Copy nothing but the text: reproduce each line of the listing exactly and leave the pictures out.

START DATASET EXCERPT

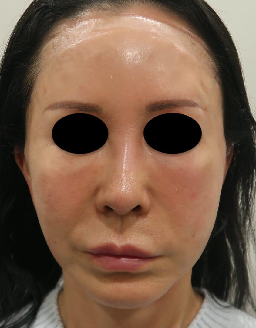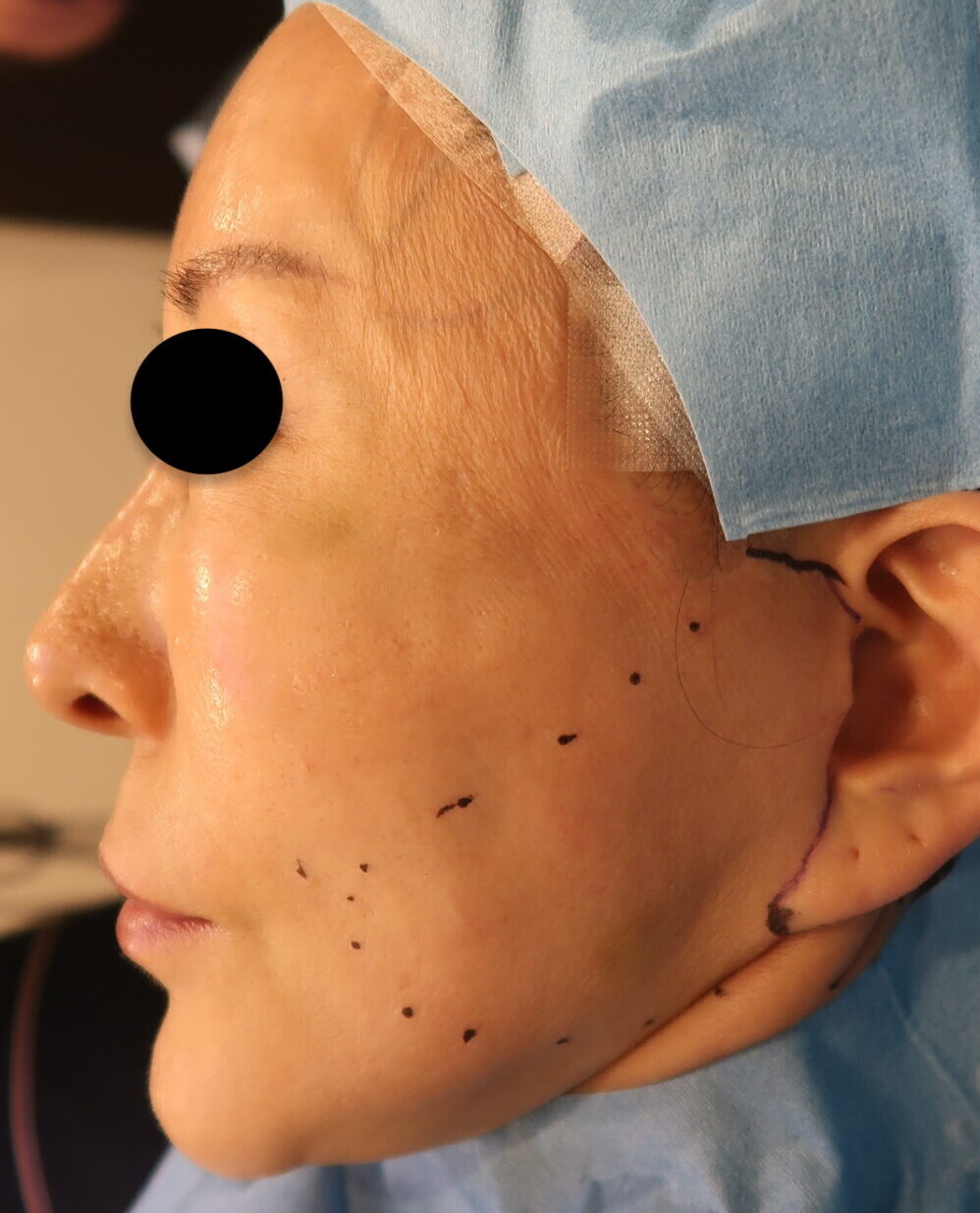 その後は年に数回何らかの美容医療を施して来て、1年前には「他院で咬筋(人間には無いエラ)ボトックスとスレッドリフトを併用したら、余計にJowlが垂れました。」との事で、私がもう一度スレッドリフト【3Dlift+コグ】で挙げたしました。直後に2回目の眉下切開手術を施行しました。その経過も含め、昨年末来院されました。いきなり「先生!。ブログに何回もリフト手術した方いるって書いていますよね?!。5年ごとの人も居るんでしょう?。出来るなら私ももう一度先生にお願い!。」と有難いお言葉を頂きました。私「合わせて3回目でしょう。書いた通り8回リフト手術をした患者さんも居ますよ。」と強弁して、「同じ切開で同じ剥離ですが、9年経ているから楽に切れます。」と豪語しました。
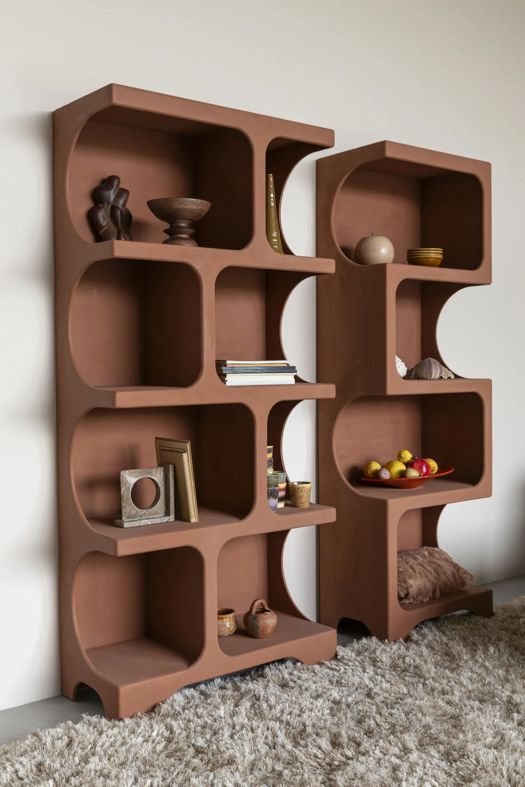 Diese Regale aus hochwertigem MDF sind weit mehr als reine Aufbewahrungsmöbel – sie sind ein Statement. Mit ihrer organisch abgerundeten Formensprache wirken sie fast wie kleine Architekturen im Raum, weich und zugleich kraftvoll. Die warm schokoladig-erdige Oberfläche unterstreicht ihren skulpturalen Charakter und bringt eine natürliche Behaglichkeit in jedes Interieur.
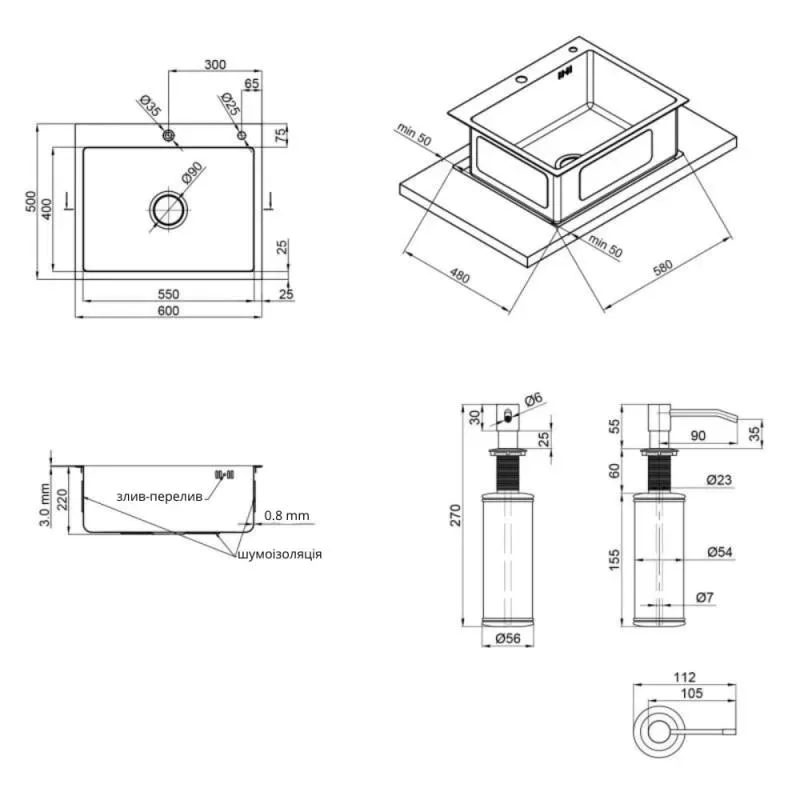 Набір 2 в 1 Lidz кухонна мийка H6050 Brush 3.0/1.0 мм + дозатор для миючого засобу LDH6050BRU35371 - комплексно вирішить проблему облаштування мийної зони. Набір включає стильну кухонну мийку, виготовлену з міцної нержавіючої сталі і дозатор для миючого засобу. Інтегрована мийка має три варіанти установки - урівень зі стільницею, над стільницею (аналогічно врізним мийкам) і під нею.

END DATASET EXCERPT

### RESULT FOR THIS EXERCISE:
 その後は年に数回何らかの美容医療を施して来て、1年前には「他院で咬筋(人間には無いエラ)ボトックスとスレッドリフトを併用したら、余計にJowlが垂れました。」との事で、私がもう一度スレッドリフト【3Dlift+コグ】で挙げたしました。直後に2回目の眉下切開手術を施行しました。その経過も含め、昨年末来院されました。いきなり「先生!。ブログに何回もリフト手術した方いるって書いていますよね?!。5年ごとの人も居るんでしょう?。出来るなら私ももう一度先生にお願い!。」と有難いお言葉を頂きました。私「合わせて3回目でしょう。書いた通り8回リフト手術をした患者さんも居ますよ。」と強弁して、「同じ切開で同じ剥離ですが、9年経ているから楽に切れます。」と豪語しました。
 Diese Regale aus hochwertigem MDF sind weit mehr als reine Aufbewahrungsmöbel – sie sind ein Statement. Mit ihrer organisch abgerundeten Formensprache wirken sie fast wie kleine Architekturen im Raum, weich und zugleich kraftvoll. Die warm schokoladig-erdige Oberfläche unterstreicht ihren skulpturalen Charakter und bringt eine natürliche Behaglichkeit in jedes Interieur.
 Набір 2 в 1 Lidz кухонна мийка H6050 Brush 3.0/1.0 мм + дозатор для миючого засобу LDH6050BRU35371 - комплексно вирішить проблему облаштування мийної зони. Набір включає стильну кухонну мийку, виготовлену з міцної нержавіючої сталі і дозатор для миючого засобу. Інтегрована мийка має три варіанти установки - урівень зі стільницею, над стільницею (аналогічно врізним мийкам) і під нею.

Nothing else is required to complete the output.